▸ GOAL OF THE EXERCISE: Retype nothing but the lines from the start of the material up to and including the line with "今年、5月に湯の郷温泉に行ったときに「手ひねり陶芸体験」をした。". Pictures don't belong in the copy.

▸ INPUT:

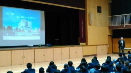 平成29年3月告示の中学校学習指導要領の保健体育保健分野では、「がんについて扱うものとする。」と明示されています。そこで、大阪市の中学校4校がモデル校として外部講師の方に来校していただき、学習することになりました。本校では、大阪病院(旧 大阪厚生年金病院)副院長・外科診療部長の畑中信良医師にご来校いただきました。
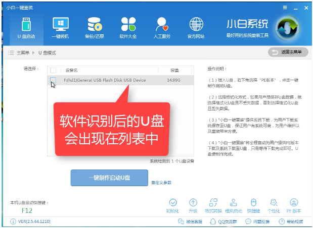 4. 軟件識別U盤后,會出現在列表中,勾選。
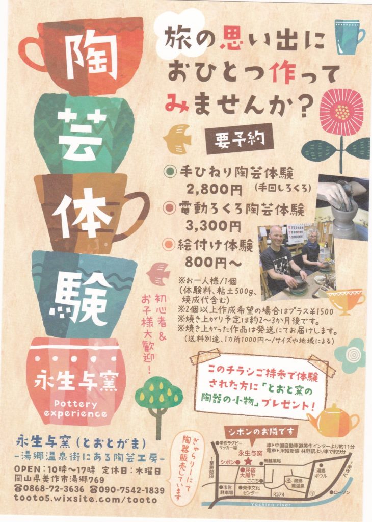 今年、5月に湯の郷温泉に行ったときに「手ひねり陶芸体験」をした。
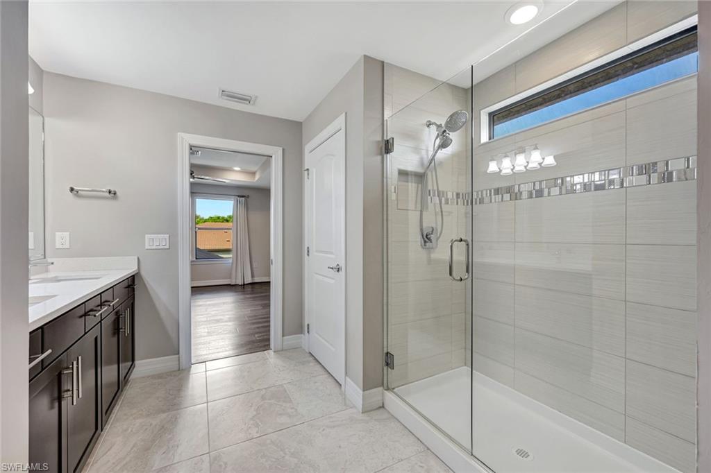 Exquisite custom home in Avery Square, 7111 Barnsbury Lane. Experience refined living in this exceptional custom-designed home, in the heart of Naples, just minutes from beaches, Mercato and 5th Avenue S, and in Collier County's best school zones. Thoughtfully upgraded throughout, this residence offers high-end finishes, quality craftsmanship, and a seamless blend of style and function beyond what every other home in this neighborhood has. The open-concept great room and kitchen are designed for everyday living and entertaining, featuring a spacious island with custom millwork, thick slab quartz countertops, and self-closing rollout cabinetry. A five-burner Miele gas cooktop, double oven, built-in microwave and a walk-in pantry with built-in shelving provide beauty and performance. The built-in dry bar, complete with a beverage refrigerator, wine rack and shiplap accent wall, adds an elegant touch. Custom details continue throughout the home, including floor-to-ceiling glass doors opening to a versatile office or formal dining room. Designer lighting, sconce accents, plantation shutters and transom windows enhance the sophisticated ambiance. The primary suite is spacious, featuring a spa-like bath with a beautiful freestanding tub ideal for long soaks and an oversized walk-in closet. The second-floor loft provides additional living space, while the expansive laundry room is equipped with two front-load washers and dryers, plus additional plumbing hookups. This well-thought-out floor plan includes a bedroom and full bath on the first floor, ideal for guests who prefer to avoid stairs. Step outside to a private outdoor retreat featuring a luxurious pool and spa with breathtaking long lake views. A TV has been installed on the lanai near the spa to maximize outdoor enjoyment. On a cul-de-sac with an oversized driveway and an epoxy-finished garage floor, this home offers privacy and convenience. Avery Square is a charming, highly desired, gated, low-density neighborhood with only 82 homes.
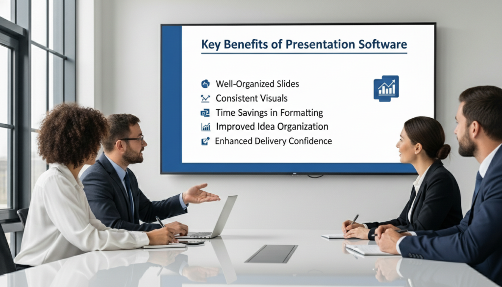 Presentation software assists in making slides well-organised. They are consistent in visual appearance. Professionals conserve time in formatting. Ideas appear more organised. This helps in delivering confidence when the internal reviews are done, when discussing with the clients and during the leadership meetings.
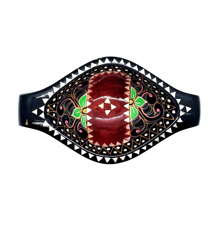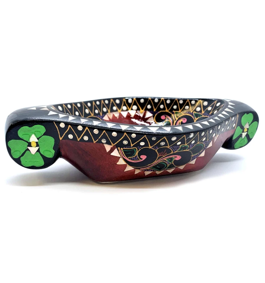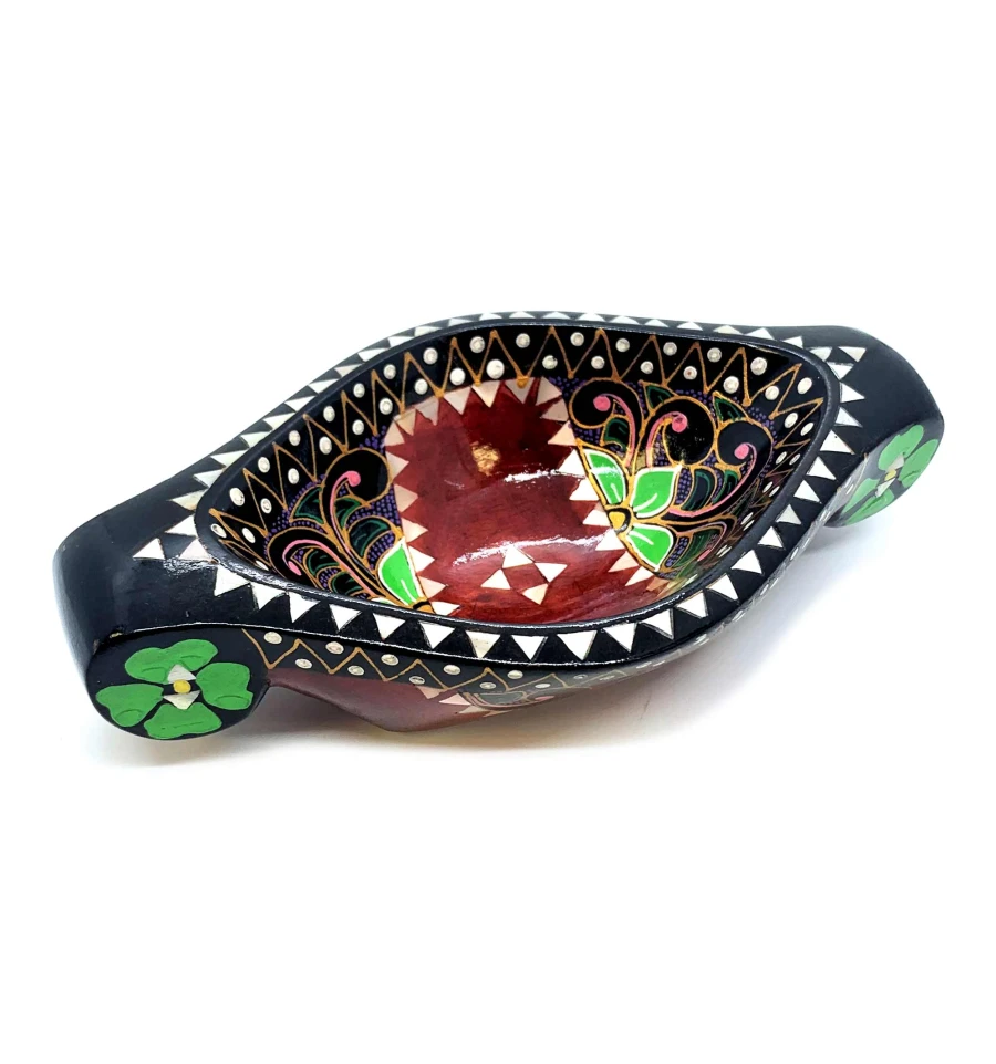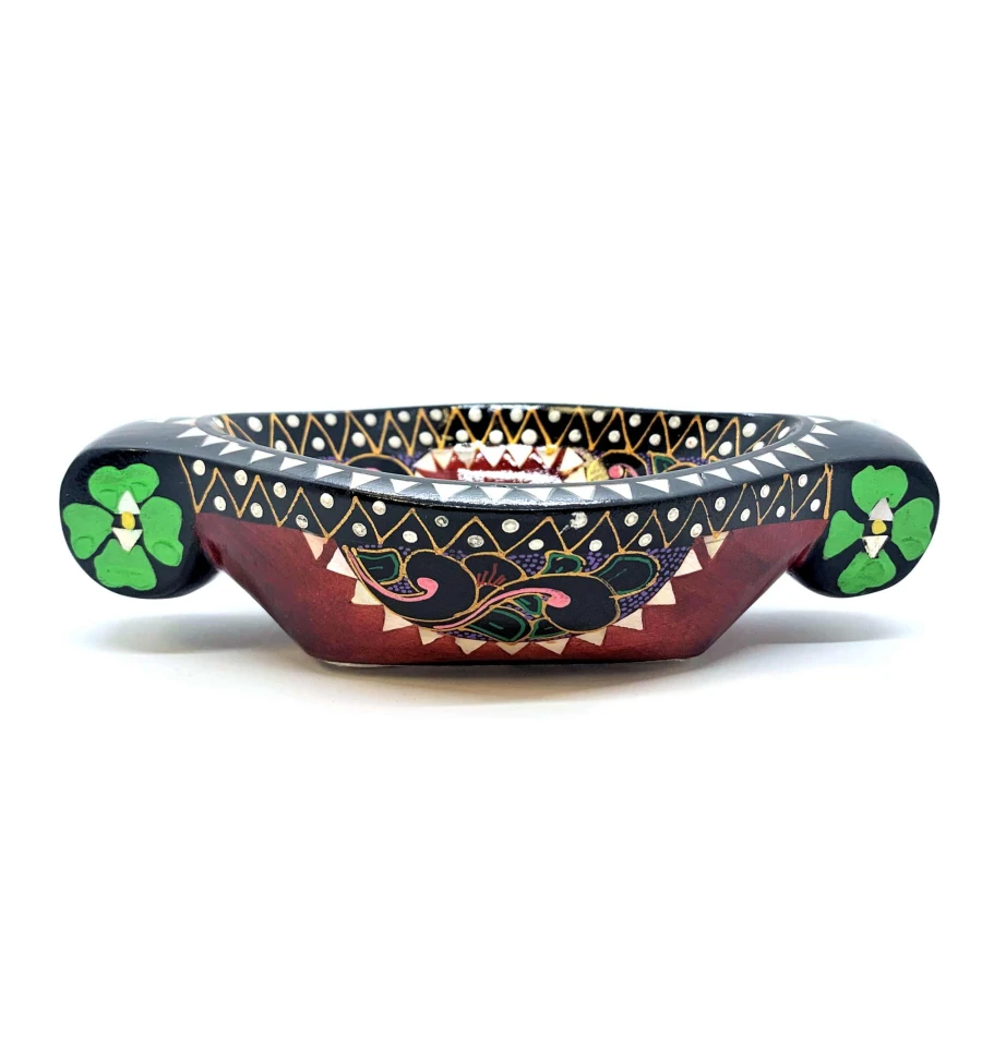 Это восхитительное блюдо для фруктов выполнено вручную в Индонезии на острове Ломбок из цельного дерева и инкрустировано перламутром. Оно имеет яркий красный цвет и украшено росписью вручную с изображением красивых цветов. Размер этого блюда составляет 16 х 10 х 4.5 см, что делает его идеальным для сервировки фруктов и других лакомств. Это красивое и функциональное изделие станет прекрасным дополнением к вашему декору и прекрасным подарком для любителей уникальных предметов.
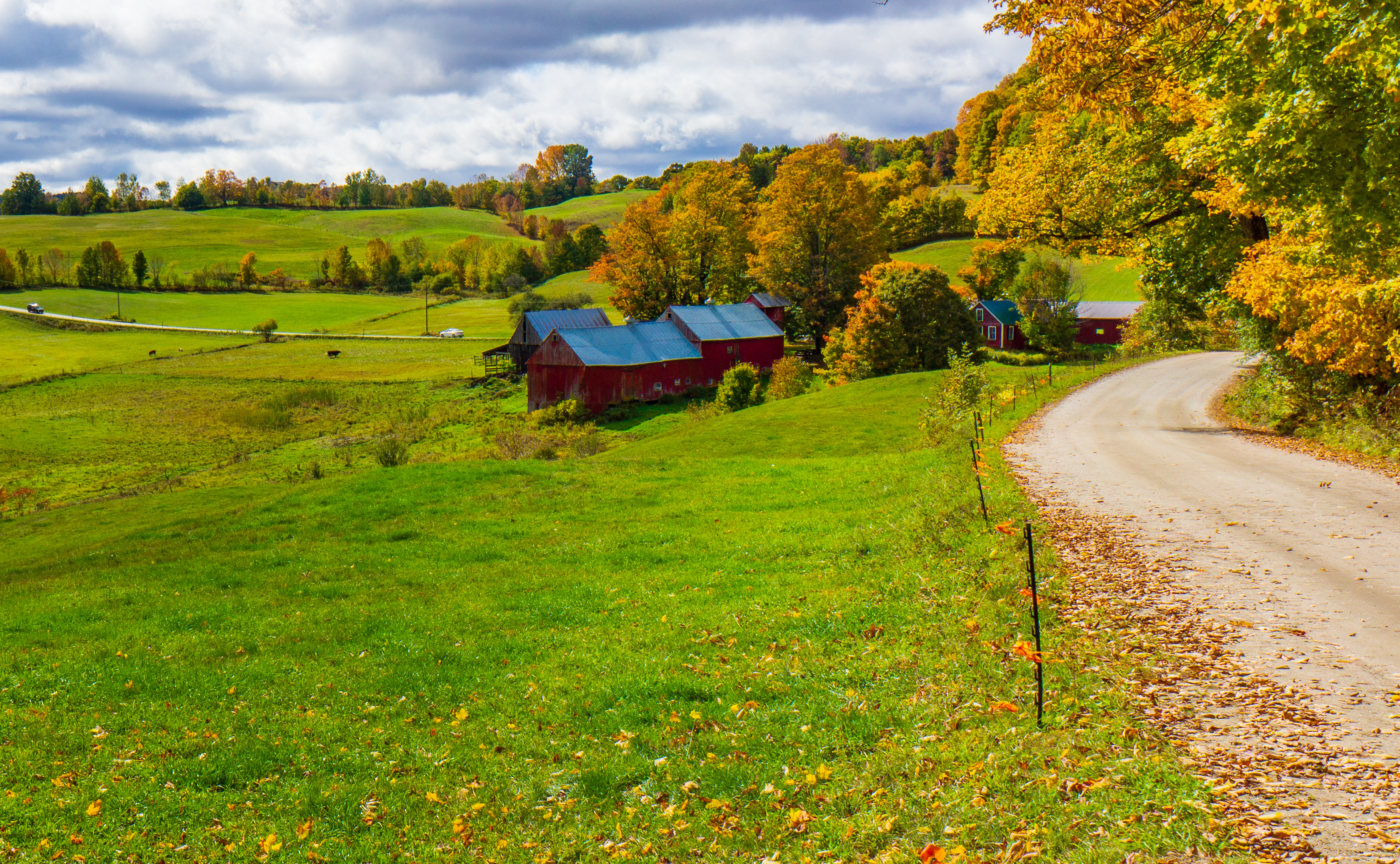 Oh, the beauty of Fall colors — we came in search of the changing colors and we mostly found them! As we crossed through New Hampshire in the White Mountains and then over into Vermont just north of the Green Mountains, we traversed through areas of “not quite there” foliage to the most brilliant of reds of the Red Maples, blazing yellows and all shades in between. We were very fortunate to have several gorgeous days with beautiful blue skies, but we also had several cloudy days as well. Our boat tour on Lake Winnipesaukee was all cloudy, so no photos of merit. Despite it all, we had some wonderful drives through the mountains — its pretty regardless of the weather.
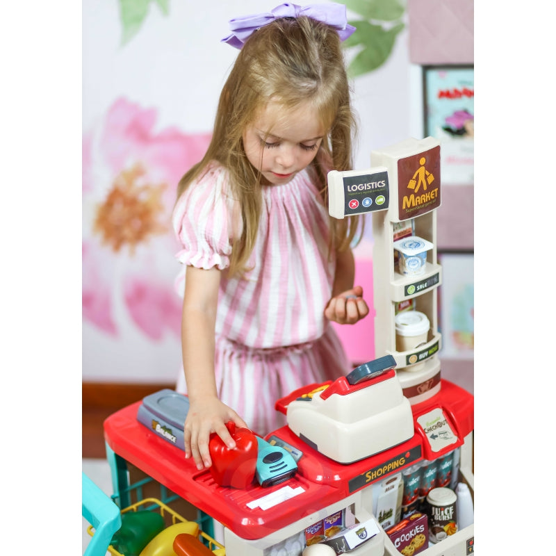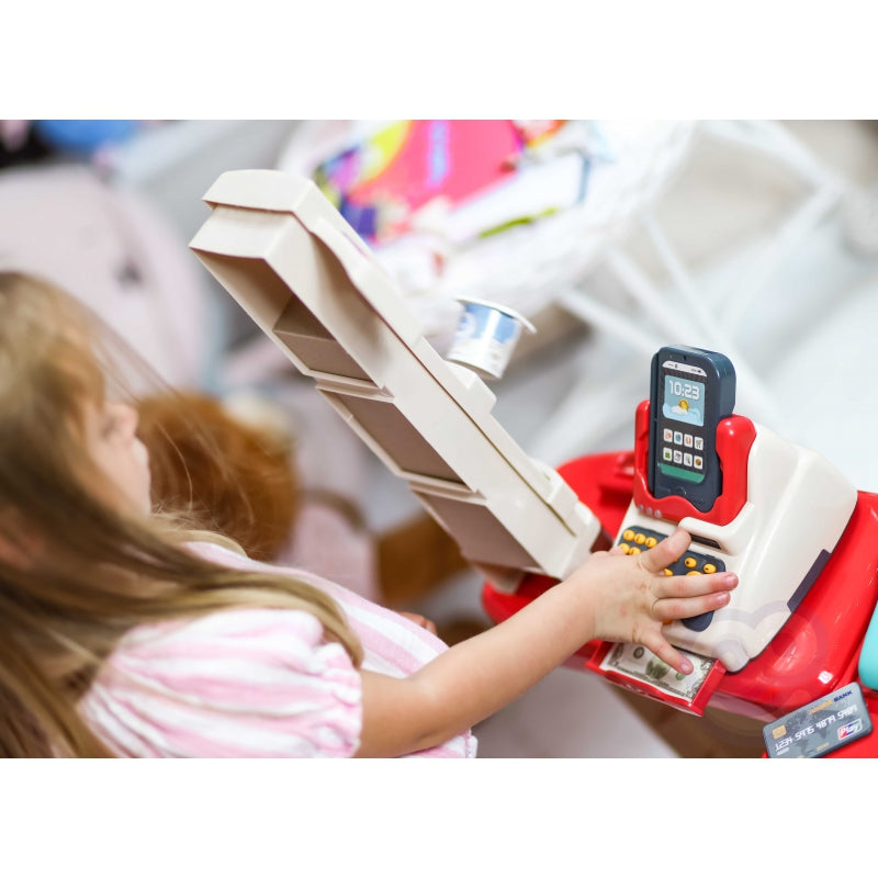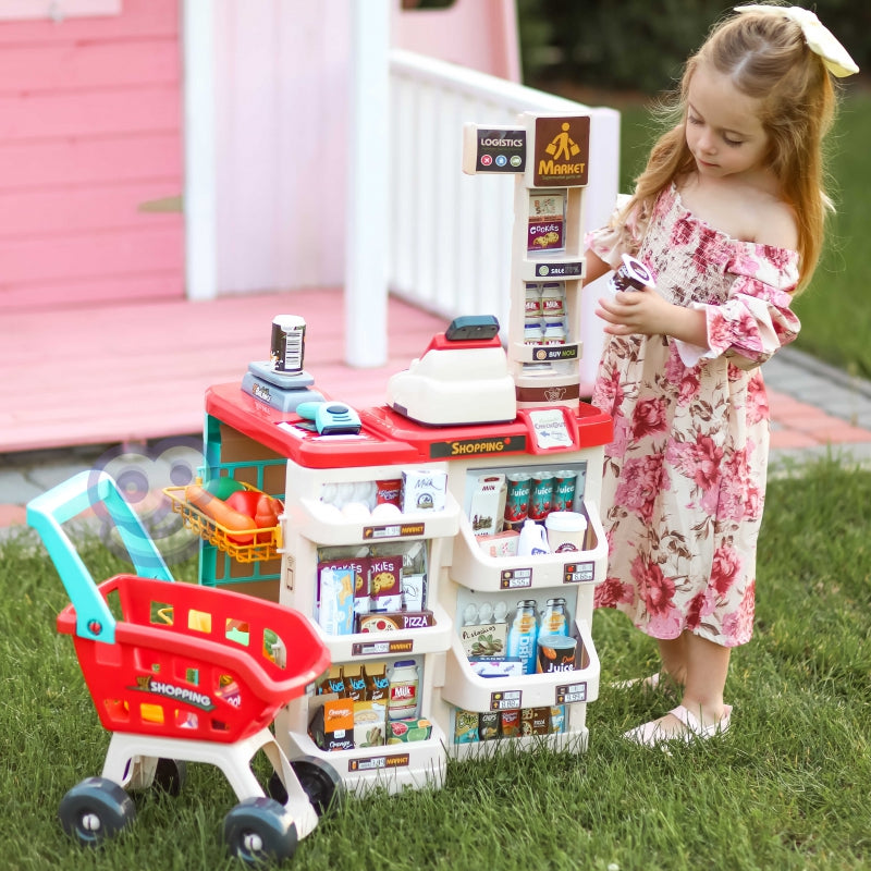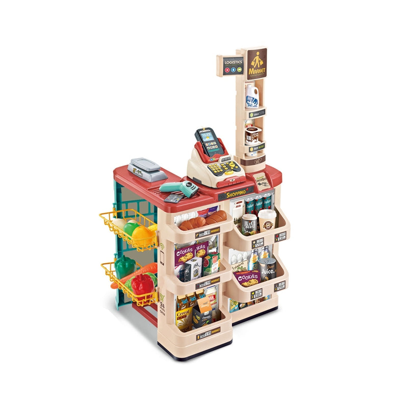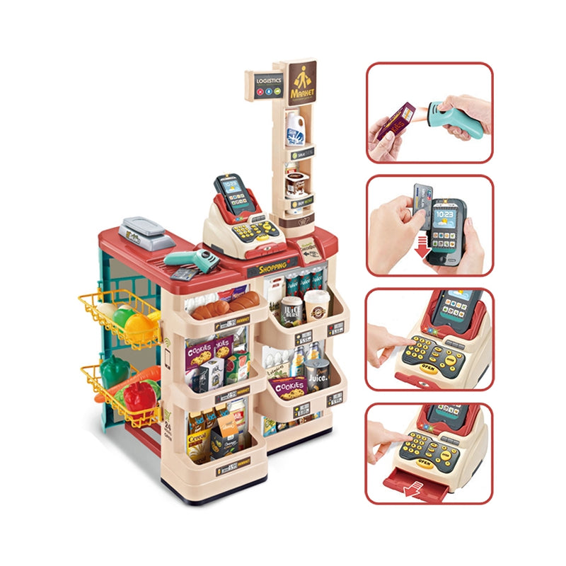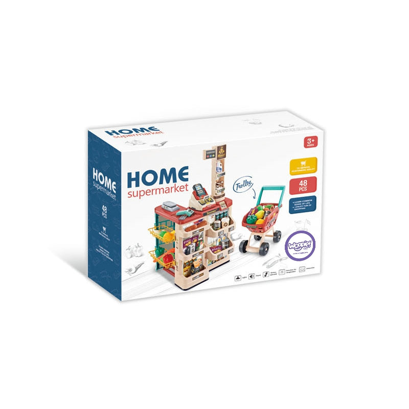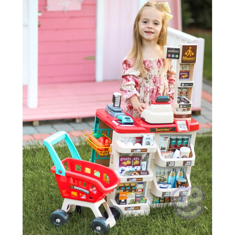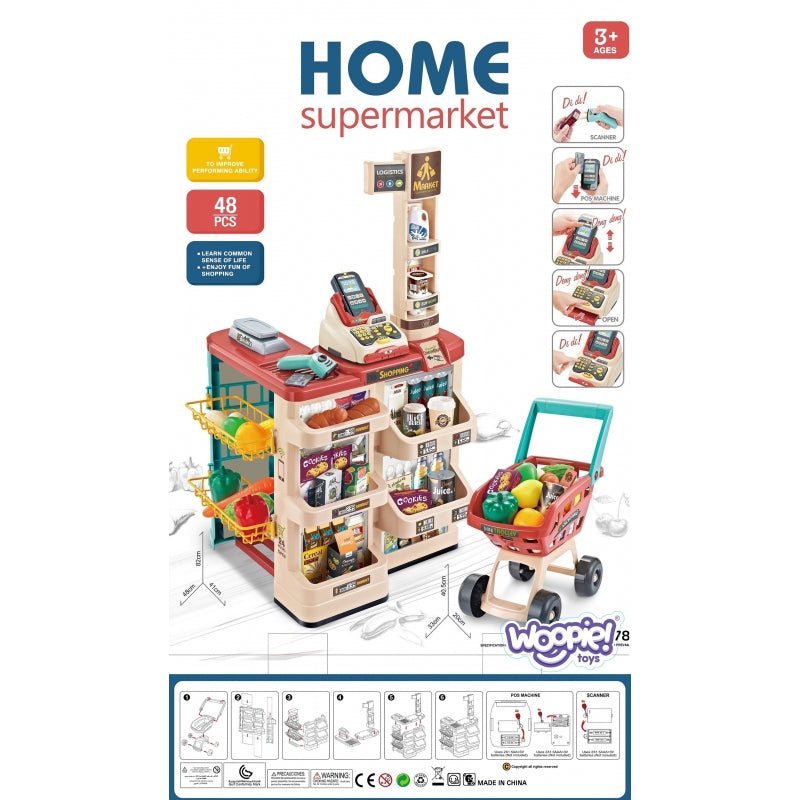 WOOPIE Sklep Supermarket z Wózkiem Sklepowym Waga Kasa Skaner + 48 Akc.

▸ RESULT OF THIS TASK:
 平成29年3月告示の中学校学習指導要領の保健体育保健分野では、「がんについて扱うものとする。」と明示されています。そこで、大阪市の中学校4校がモデル校として外部講師の方に来校していただき、学習することになりました。本校では、大阪病院(旧 大阪厚生年金病院)副院長・外科診療部長の畑中信良医師にご来校いただきました。
 4. 軟件識別U盤后,會出現在列表中,勾選。
 今年、5月に湯の郷温泉に行ったときに「手ひねり陶芸体験」をした。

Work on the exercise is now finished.